**TASK BRIEF**
Within the listing that follows, reproduce exactly the lines starting at the line with "(467) قال أبو" and ending at the line with "The Interactive Team Challenge is", inclusive, and only those. Pictures are dropped.

**SOURCE DATA**
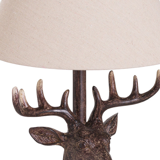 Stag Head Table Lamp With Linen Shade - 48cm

--

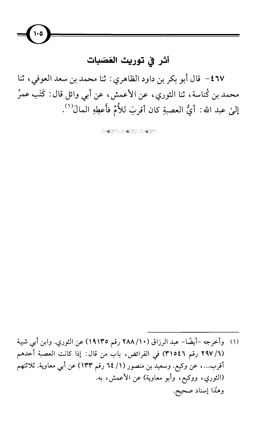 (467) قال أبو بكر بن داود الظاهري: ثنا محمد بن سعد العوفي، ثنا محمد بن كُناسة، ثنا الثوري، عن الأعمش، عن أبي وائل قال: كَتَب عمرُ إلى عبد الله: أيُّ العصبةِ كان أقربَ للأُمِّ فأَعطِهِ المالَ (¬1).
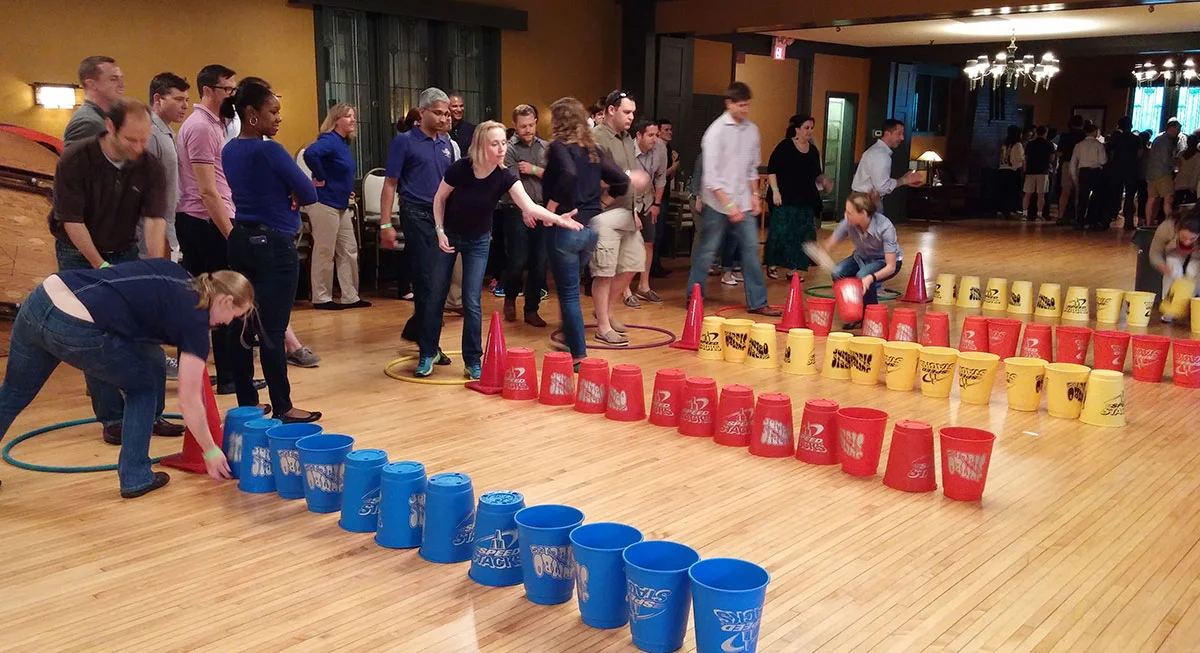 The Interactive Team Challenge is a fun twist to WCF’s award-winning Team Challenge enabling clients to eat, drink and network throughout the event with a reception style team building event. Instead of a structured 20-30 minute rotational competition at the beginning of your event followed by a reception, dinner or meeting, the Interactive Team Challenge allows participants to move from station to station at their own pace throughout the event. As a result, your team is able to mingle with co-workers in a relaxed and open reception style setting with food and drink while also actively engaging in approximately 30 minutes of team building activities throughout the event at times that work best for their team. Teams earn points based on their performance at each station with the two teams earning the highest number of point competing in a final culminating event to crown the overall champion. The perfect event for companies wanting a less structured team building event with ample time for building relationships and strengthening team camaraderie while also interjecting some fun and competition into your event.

* * *

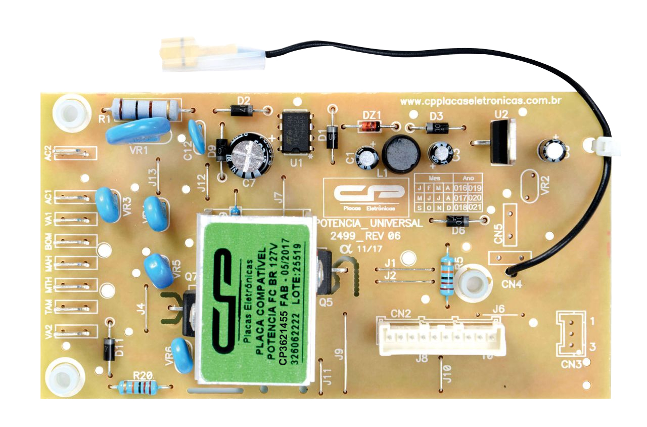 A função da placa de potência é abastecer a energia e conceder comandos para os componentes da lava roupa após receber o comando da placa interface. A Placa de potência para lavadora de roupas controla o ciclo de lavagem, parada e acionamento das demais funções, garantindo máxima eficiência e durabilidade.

**COMPLETED EXERCISE**
 (467) قال أبو بكر بن داود الظاهري: ثنا محمد بن سعد العوفي، ثنا محمد بن كُناسة، ثنا الثوري، عن الأعمش، عن أبي وائل قال: كَتَب عمرُ إلى عبد الله: أيُّ العصبةِ كان أقربَ للأُمِّ فأَعطِهِ المالَ (¬1).
 The Interactive Team Challenge is a fun twist to WCF’s award-winning Team Challenge enabling clients to eat, drink and network throughout the event with a reception style team building event. Instead of a structured 20-30 minute rotational competition at the beginning of your event followed by a reception, dinner or meeting, the Interactive Team Challenge allows participants to move from station to station at their own pace throughout the event. As a result, your team is able to mingle with co-workers in a relaxed and open reception style setting with food and drink while also actively engaging in approximately 30 minutes of team building activities throughout the event at times that work best for their team. Teams earn points based on their performance at each station with the two teams earning the highest number of point competing in a final culminating event to crown the overall champion. The perfect event for companies wanting a less structured team building event with ample time for building relationships and strengthening team camaraderie while also interjecting some fun and competition into your event.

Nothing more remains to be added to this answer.